TASK ITEM: Give the listing again, word for word, and let no picture into it.

SUPPLIED INFORMATION:
[Start of Attachment]

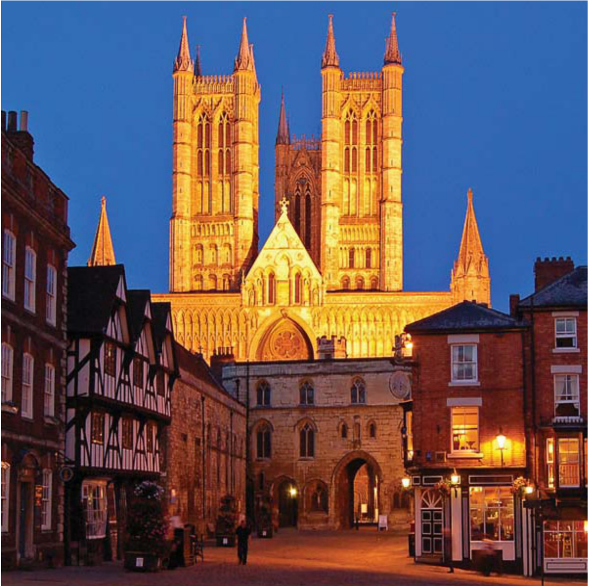
Lincoln Cathedral is the permanent home of the Magna Carta which will travel to Fraunces Tavern Museum.
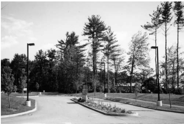
This curbed, landscaped island divides entering and exiting traffic. The identification sign is located away from the intersection to avoid interfering with the motorists' line of sight.
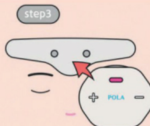
step3 Attach the device on your forehead
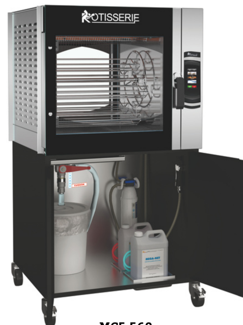
MC5.560 Pass Through

[End of Attachment]

RESPONSE TO THE EXERCISE:
Lincoln Cathedral is the permanent home of the Magna Carta which will travel to Fraunces Tavern Museum.
This curbed, landscaped island divides entering and exiting traffic. The identification sign is located away from the intersection to avoid interfering with the motorists' line of sight.
step3 Attach the device on your forehead
MC5.560 Pass Through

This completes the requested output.